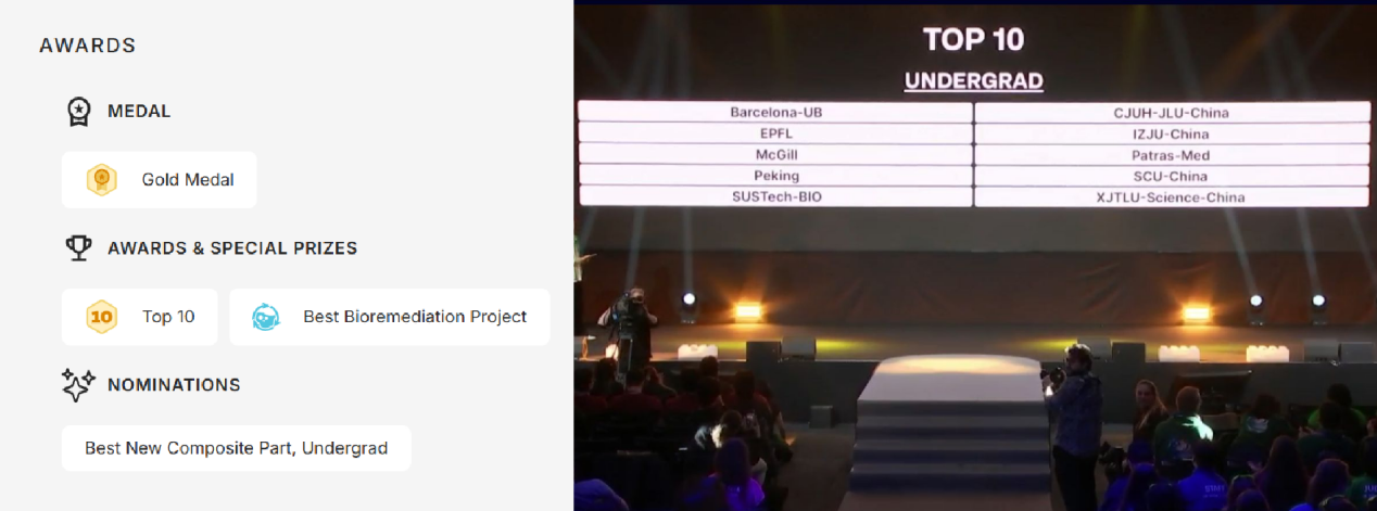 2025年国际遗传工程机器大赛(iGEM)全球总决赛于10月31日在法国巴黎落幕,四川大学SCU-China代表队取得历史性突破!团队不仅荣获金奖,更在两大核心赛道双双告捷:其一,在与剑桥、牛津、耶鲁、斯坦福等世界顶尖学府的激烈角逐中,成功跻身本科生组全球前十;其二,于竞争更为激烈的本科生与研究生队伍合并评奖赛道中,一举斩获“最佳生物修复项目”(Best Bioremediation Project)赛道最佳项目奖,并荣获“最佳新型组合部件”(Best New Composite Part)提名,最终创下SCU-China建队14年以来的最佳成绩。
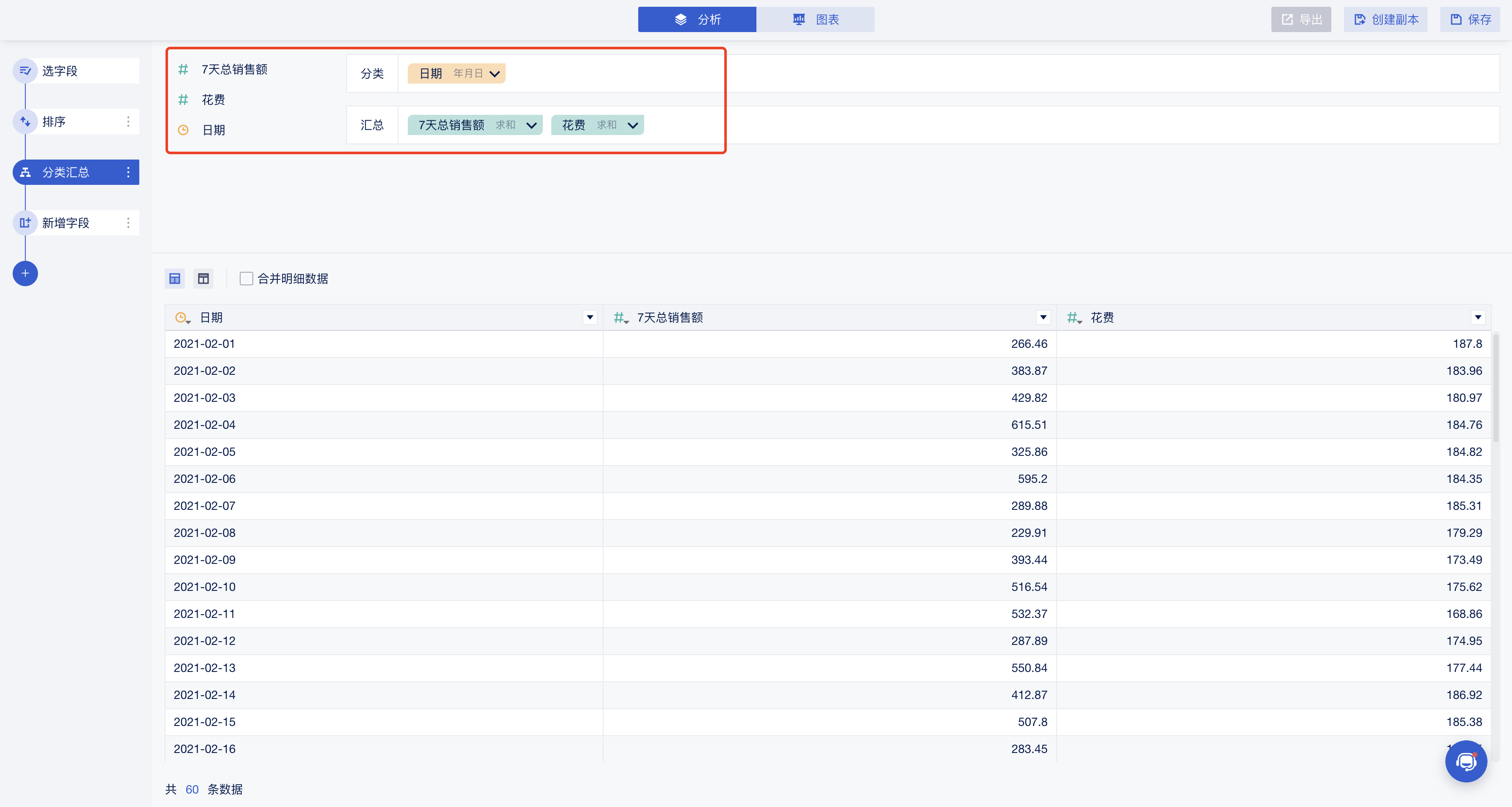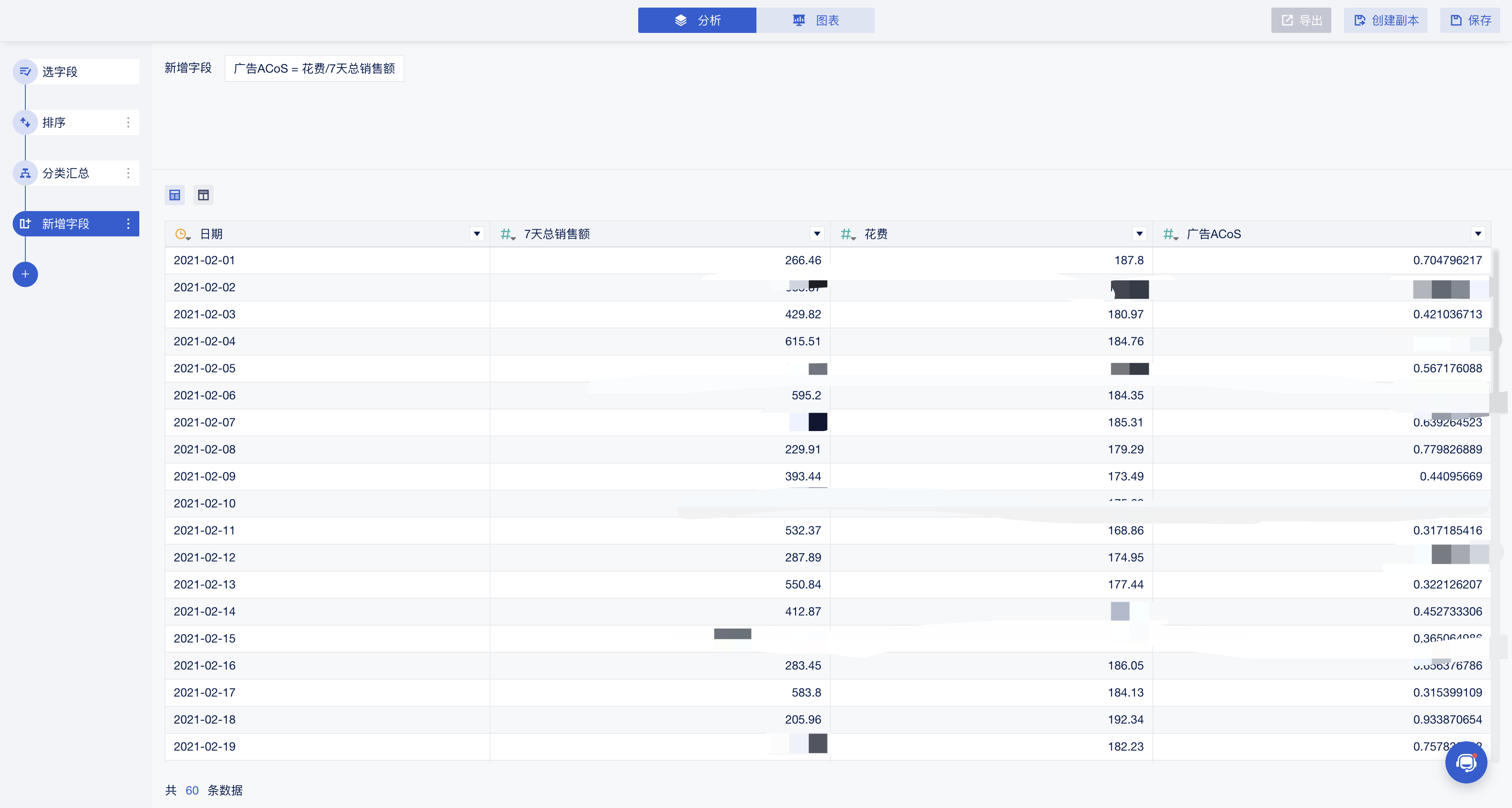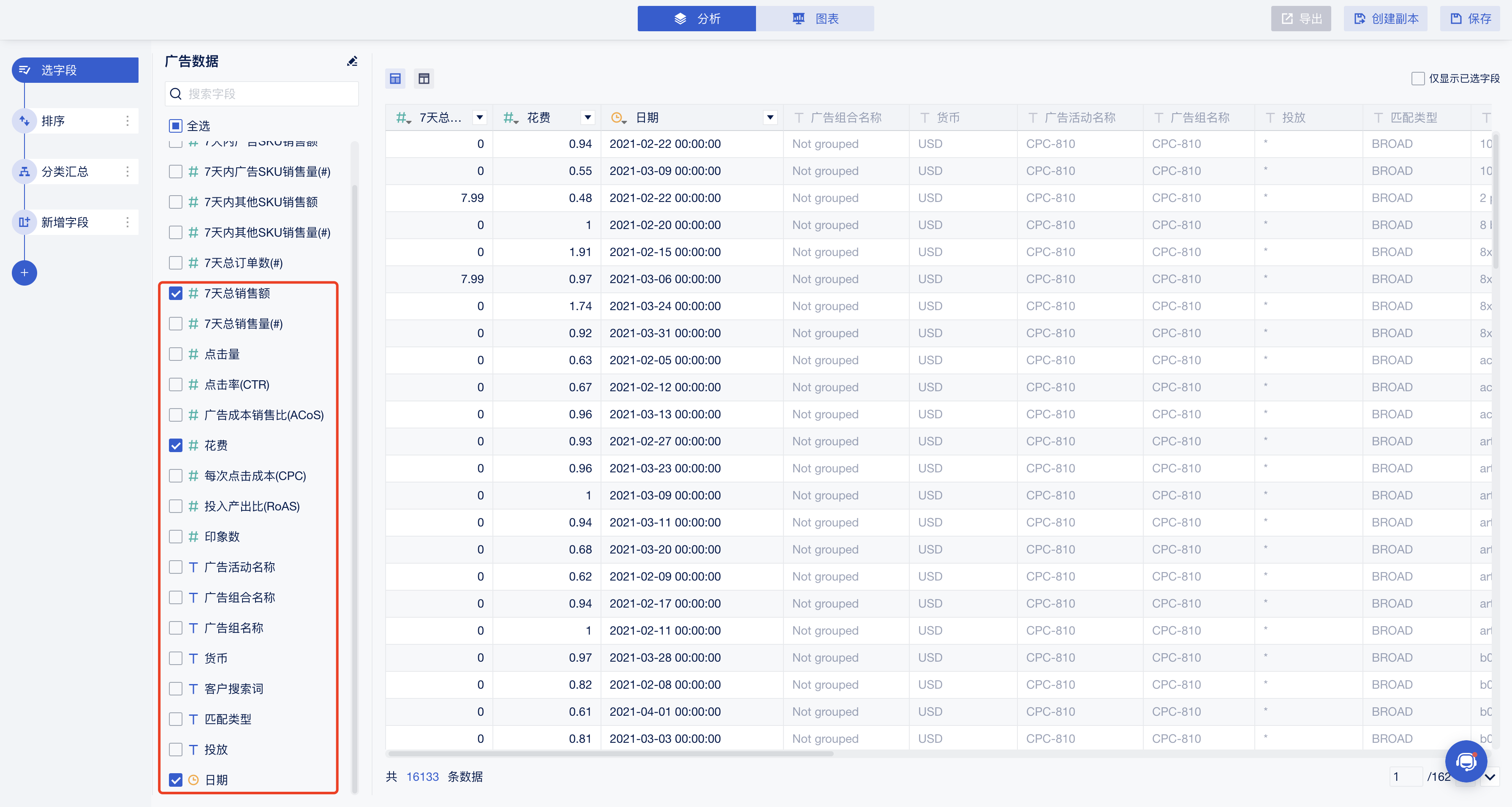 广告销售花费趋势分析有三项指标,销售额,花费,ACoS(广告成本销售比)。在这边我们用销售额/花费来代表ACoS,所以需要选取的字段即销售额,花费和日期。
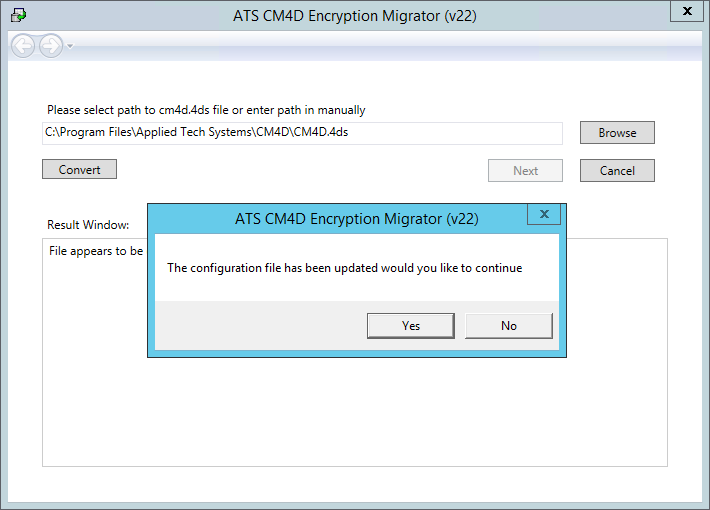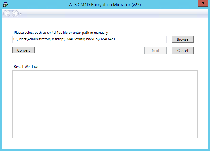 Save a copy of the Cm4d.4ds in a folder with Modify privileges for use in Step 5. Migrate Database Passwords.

Required work: Only the lines from the beginning of the listing up to and including the line with "广告销售花费趋势分析有三项指" should appear in the reply, copied word for word and free of pictures.

Response to the exercise:
 2025年国际遗传工程机器大赛(iGEM)全球总决赛于10月31日在法国巴黎落幕,四川大学SCU-China代表队取得历史性突破!团队不仅荣获金奖,更在两大核心赛道双双告捷:其一,在与剑桥、牛津、耶鲁、斯坦福等世界顶尖学府的激烈角逐中,成功跻身本科生组全球前十;其二,于竞争更为激烈的本科生与研究生队伍合并评奖赛道中,一举斩获“最佳生物修复项目”(Best Bioremediation Project)赛道最佳项目奖,并荣获“最佳新型组合部件”(Best New Composite Part)提名,最终创下SCU-China建队14年以来的最佳成绩。
 广告销售花费趋势分析有三项指标,销售额,花费,ACoS(广告成本销售比)。在这边我们用销售额/花费来代表ACoS,所以需要选取的字段即销售额,花费和日期。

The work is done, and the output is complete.